For me, Demo Day became my proud Papa moment. Having spent ten long weeks with each of the teams, down in the trenches, through their peaks and valleys, twists and turns. We had a shared intimacy of experience on the emotional roller coaster that is entrepreneurship. So, as you can imagine, having been so up front and personal, getting to watch them command the stage in front of a large audience was surreal. An out of body experience. And frankly, it was nice to sit back and let them do the walking and talking instead of hearing the sound of my own voice.

With that said, I learned a lot about myself, what it takes to design and execute a program such as Wildfire, and a cornucopia of lessons learned about how to inspire, organize, and lead student teams.

First, and the most important lesson learned, I had to constantly remind myself that I was dealing with students. These were not seasoned entrepreneurs, let alone experienced business folks. For the undergrads, in particular, this was hard work. It required discipline and self-motivation – a tall order when you are used to summer vacations and internships versus the year-long grind that can be the real working world.

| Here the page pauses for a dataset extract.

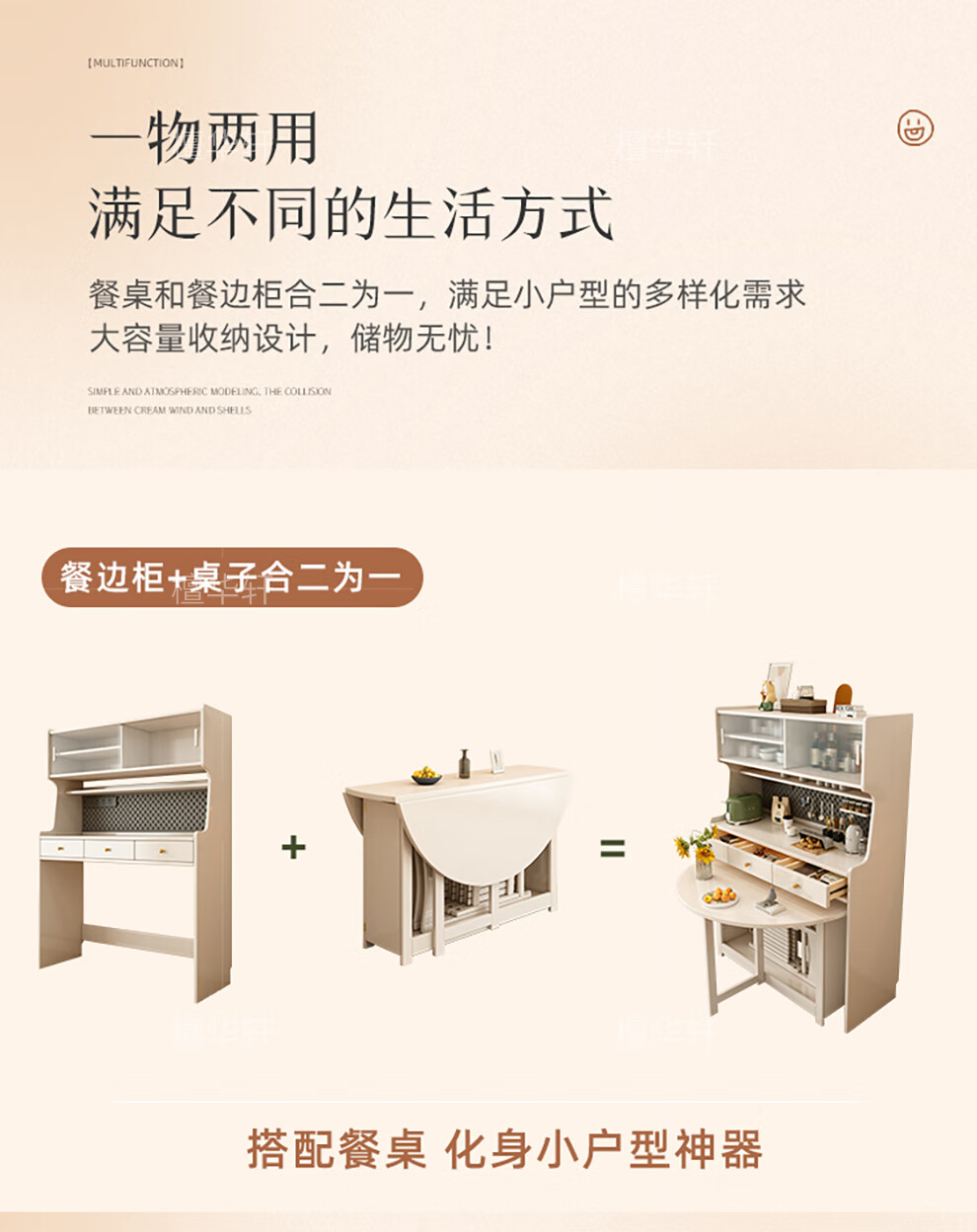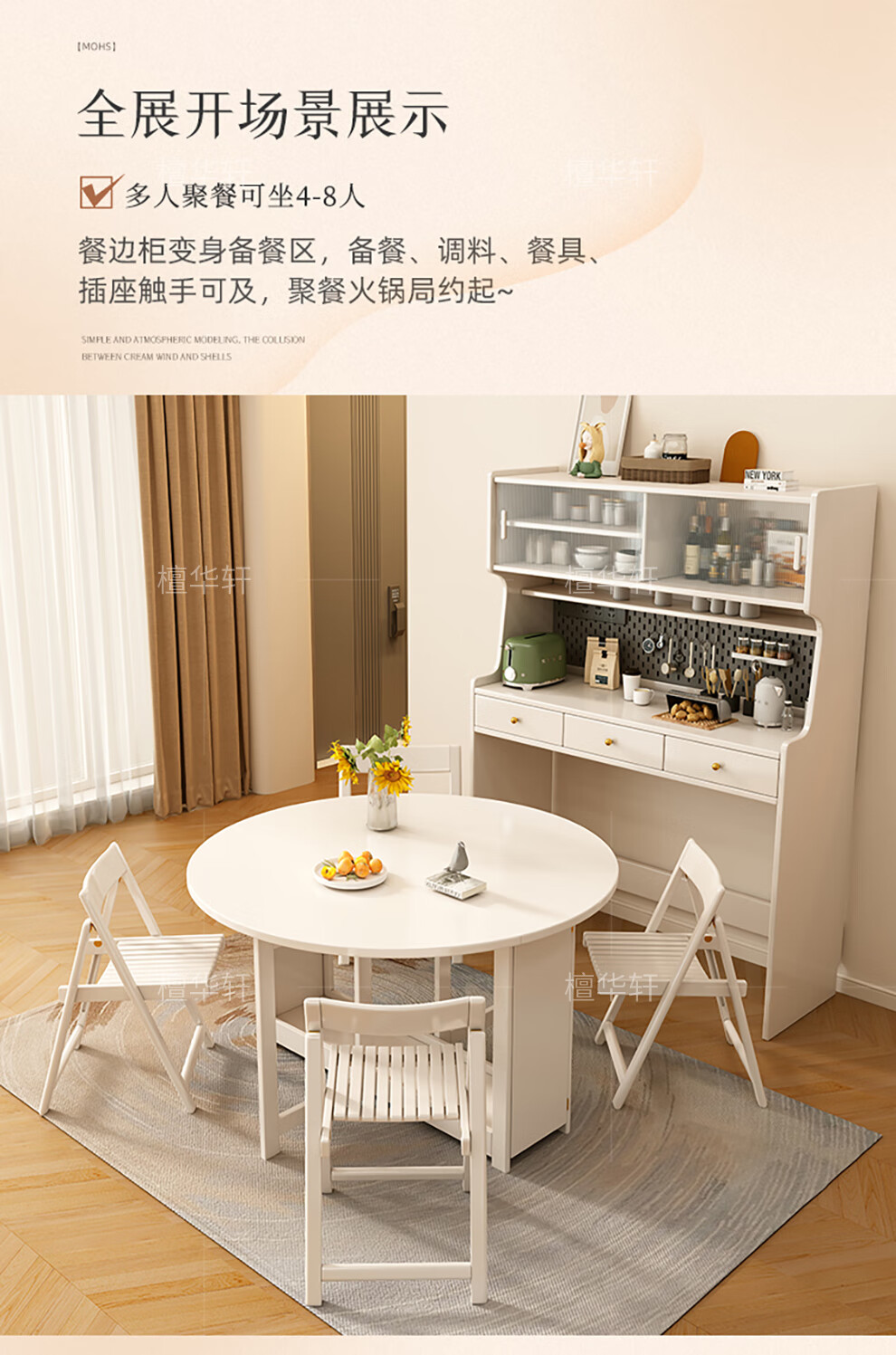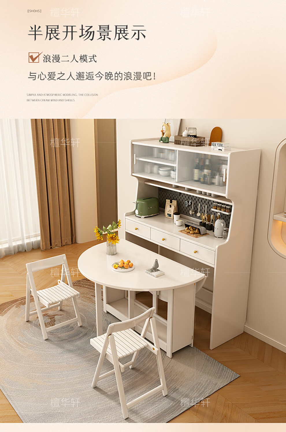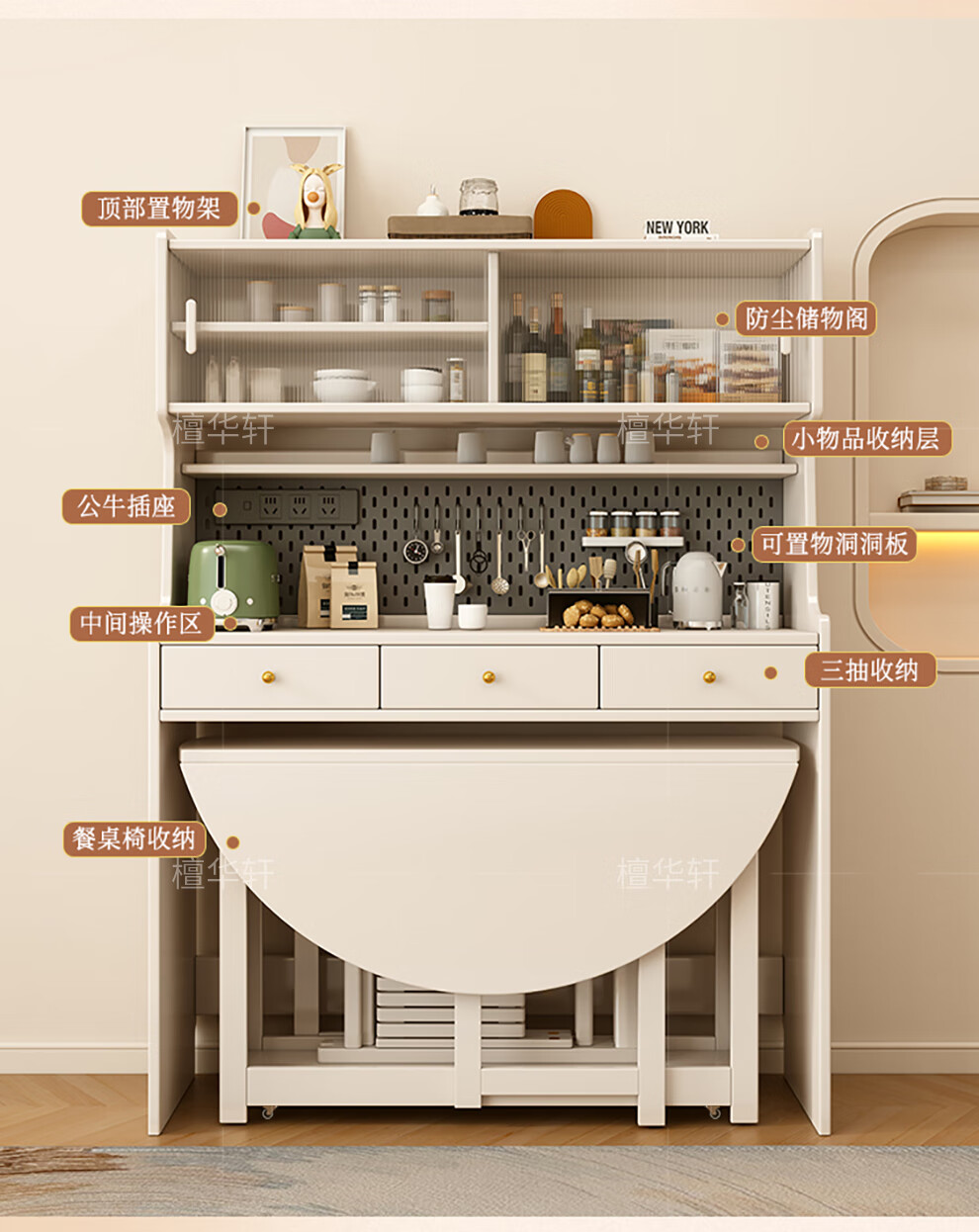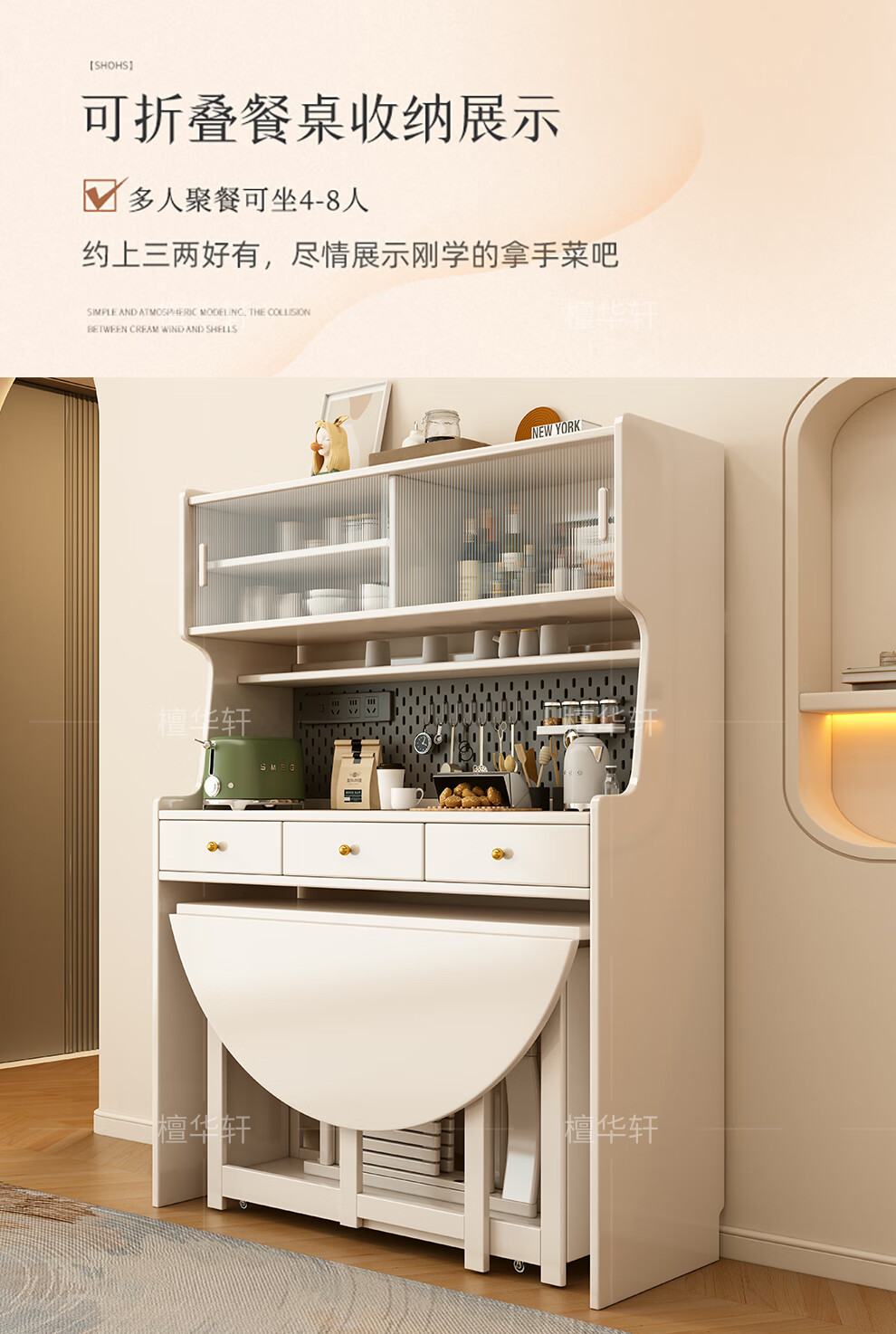 Tanhuaxuan solid wood sideboard dining table integrated wall storage cabinet wine cabinet modern simple storage cabinet kitchen with dining table side cabinet 1.25 meters single sideboard

Looking ahead to next summer, my goal will be to find the sweet spot between what worked this past summer and what didn’t work. Looking for that bowl of porridge that is just right and by doing so, avoiding the tendency to overcorrect. To hit that mark, here is a list of planned tweaks and key lessons learned:

  • Holding teams accountable – perhaps my biggest challenge was figuring out how to keep teams moving forward. Many spent countless hours researching and thinking about their problem instead of getting out there and pounding the pavement. In addition, since the teams already received their funds (the carrot), I lacked the means (the stick) to drive action. Solution – next summer, teams will receive a “signing bonus” on Day 1. The rest of the funds will be divided over the ten weeks and teams will earn them on a weekly basis by attending the workshops, completing any deliverables that are assigned, and hitting their weekly goals.
  • Bandwidth – running an accelerator is a full-time gig. Due to my other responsibilities and time commitments, I felt that I was unable to give the teams individual attention on a weekly basis, let alone find the time to make sure they were getting work done. Solution –I plan on distributing the workload with our other staff members and thereby give the teams the attention and support they need week in, week out.
  • Growth hacking – starting Week 1, we will build a learning machine for each of the teams. Less time thinking, more time doing. This is a mentality shift for many of these aspiring entrepreneurs. Adding some bandwidth in terms of staffing as well as introducing workshops on this topic in weeks one and two will be key.
  • Mentorship, mentorship, mentorship – the teams craved and need more one-on-one. Too much unstructured time and a lack of overall accountability left several teams floundering and unmoored. Solution – cut the workshop content in half. Bring in more folks for Office Hours. Hold teams accountable for results.
  • Since I won’t be spending the bulk of the spring next year designing the program, I can use that time to jumpstart the teams. Have them incorporate. Pitch practice to make sure all of the teams understand how to create their tagline, elevator pitch, and 5-minute investor pitch by the time the program officially kicks off. Finally, a workshop on defining your unit metrics so teams get in the habit early of tracking what really matters most and developing the weekly sprints to build, measure, learn.
  • Last but not least, a note for all of you aging, former athletes. When you take six years off from the basketball court, expect to inhale vigorously when you lace back up whatever pair of shoes you have handy. My shots landed in the bushes, the grass, back in my face, everywhere but the bottom of the net and when I wasn’t missing shots, I was dribbling off one of my two left feet. Despite that, like the teams, I persevered and eventually found my groove.

 


My reaction when I finally scored my first bucket after four weeks of air balls, bricks, and dribbling the ball off my two left feet.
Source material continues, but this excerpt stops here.